What you have to do >> Repeat the listing verbatim. Drop any pictures.

Data >>
^^^^^^^^

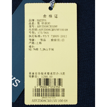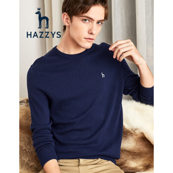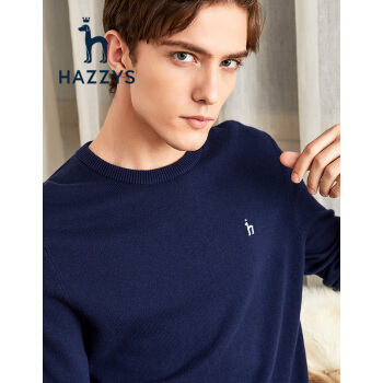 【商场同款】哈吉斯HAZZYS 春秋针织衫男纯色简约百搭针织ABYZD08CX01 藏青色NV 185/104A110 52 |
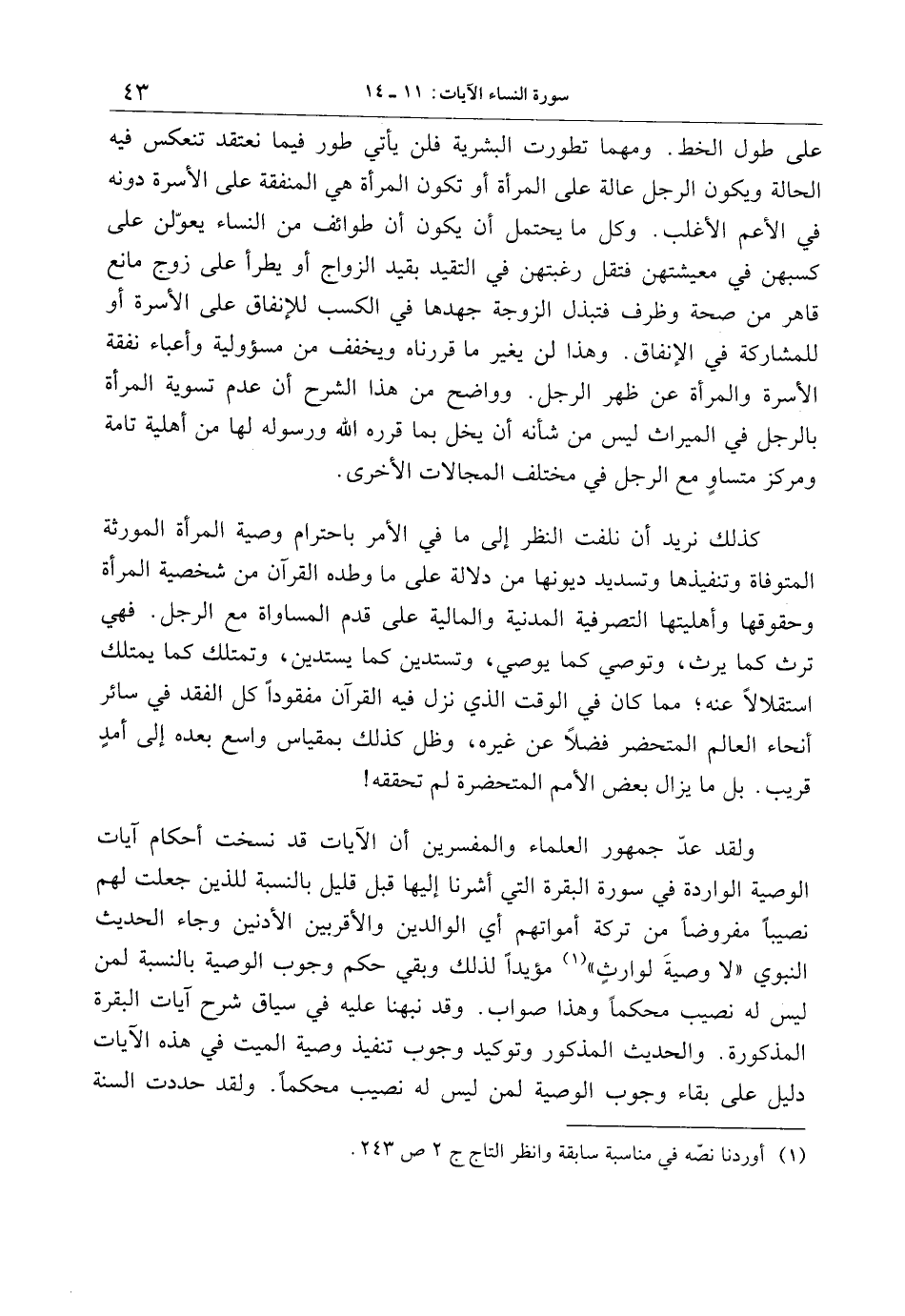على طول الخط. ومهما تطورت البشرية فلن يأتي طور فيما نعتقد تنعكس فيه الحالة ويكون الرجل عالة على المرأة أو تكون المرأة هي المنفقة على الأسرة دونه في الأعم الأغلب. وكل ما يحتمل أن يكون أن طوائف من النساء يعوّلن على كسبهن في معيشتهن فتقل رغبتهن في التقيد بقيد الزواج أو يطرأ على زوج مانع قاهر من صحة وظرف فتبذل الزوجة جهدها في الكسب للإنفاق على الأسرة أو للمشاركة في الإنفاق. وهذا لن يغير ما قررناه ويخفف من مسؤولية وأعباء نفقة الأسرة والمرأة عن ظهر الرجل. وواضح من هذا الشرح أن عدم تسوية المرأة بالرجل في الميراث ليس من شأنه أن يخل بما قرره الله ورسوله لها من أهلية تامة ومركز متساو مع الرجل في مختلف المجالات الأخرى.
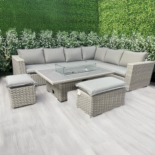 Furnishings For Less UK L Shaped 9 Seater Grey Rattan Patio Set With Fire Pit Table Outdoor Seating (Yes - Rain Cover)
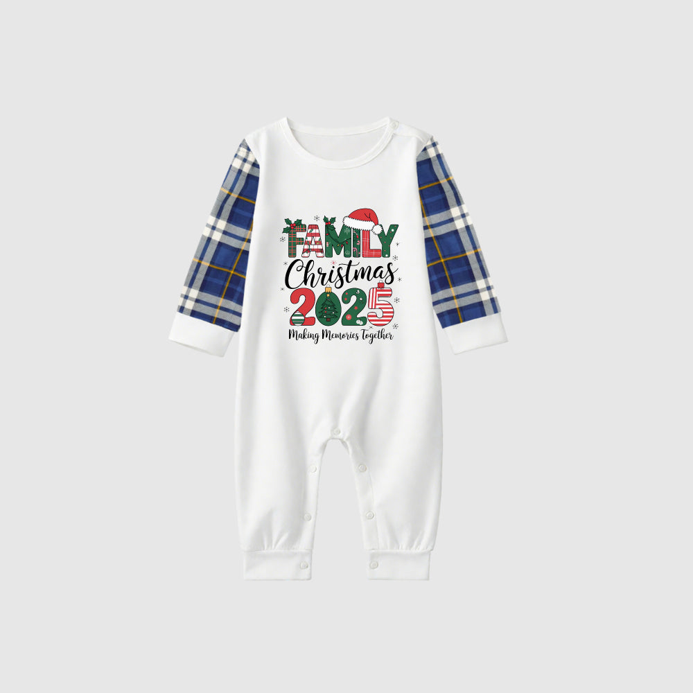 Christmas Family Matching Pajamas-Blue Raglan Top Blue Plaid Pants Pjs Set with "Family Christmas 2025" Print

^^^^^^^^

Written answer >>
 【商场同款】哈吉斯HAZZYS 春秋针织衫男纯色简约百搭针织ABYZD08CX01 藏青色NV 185/104A110 52 |
على طول الخط. ومهما تطورت البشرية فلن يأتي طور فيما نعتقد تنعكس فيه الحالة ويكون الرجل عالة على المرأة أو تكون المرأة هي المنفقة على الأسرة دونه في الأعم الأغلب. وكل ما يحتمل أن يكون أن طوائف من النساء يعوّلن على كسبهن في معيشتهن فتقل رغبتهن في التقيد بقيد الزواج أو يطرأ على زوج مانع قاهر من صحة وظرف فتبذل الزوجة جهدها في الكسب للإنفاق على الأسرة أو للمشاركة في الإنفاق. وهذا لن يغير ما قررناه ويخفف من مسؤولية وأعباء نفقة الأسرة والمرأة عن ظهر الرجل. وواضح من هذا الشرح أن عدم تسوية المرأة بالرجل في الميراث ليس من شأنه أن يخل بما قرره الله ورسوله لها من أهلية تامة ومركز متساو مع الرجل في مختلف المجالات الأخرى.
 Furnishings For Less UK L Shaped 9 Seater Grey Rattan Patio Set With Fire Pit Table Outdoor Seating (Yes - Rain Cover)
 Christmas Family Matching Pajamas-Blue Raglan Top Blue Plaid Pants Pjs Set with "Family Christmas 2025" Print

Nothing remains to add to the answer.